Queen of Zagwe dynasty
- Reign: 960 – 970/1010
- Predecessor: Zagwe Dynasty established
- Successor: unknown
- Born: 10th century unknown, possibly Axum
- Died: 1010 (uncertain) unknown, possibly Lasta.
- Spouse: Mara Takla Haymanot
- Issue: Tatadim Jan Seyum Germa Seyum Gempawedamo (uncertain) Terde'ana Gabaz (uncertain) Zena Petros (uncertain)
- Dynasty: Zagwe, Solomonic Dynasty
- Father: Dil Na'od
- Religion: Ethiopian Orthodox Church

= Masoba Warq =

Queen of Zagwe and Princess of Axum in the 10th century

Masoba Warq was a princess of the Kingdom of Axum, and the queen of the Zagwe Dynasty.

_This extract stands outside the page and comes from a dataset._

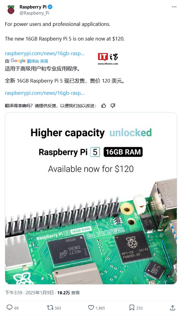 IT之家 1 月 10 日消息,树莓派基金会昨日(1 月 9 日)发布公告,宣布推出 16GB 版本树莓派 5 开发板,售价 120 美元(IT之家备注:当前约 881 元人民币),并同步推出“树莓派碳移除信用额度”,用于抵消生产和处置树莓派过程中产生的碳排放。
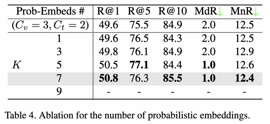 Table 4는 확률 임베딩 수 K에 따른 성능 변화를 보여줍니다. 확률 샘플 수가 많을수록 텍스트–비디오 간 분포를 더 정교하게 모사할 수 있지만, 계산량도 함께 증가합니다.

She was the daughter of Dil Na'od of Axum and the Wife of Mara Takla Haymanot of the Zagwe Dynasty. She had multiple children with him, such as Tantawedem. But, according to the Dabra Libanos manuscript, it mentions 44 Kings of Shewa after the death and deposition of Dil Na'od and it mentions Masoba as a Queen Regent of Shewa. Though if it is true, she was actually married with Marah of Zagwe, and had children with him, it would be likely that the children would have Solomonic Dynastical Descent as Masoba is the daughter of Dil Na'od.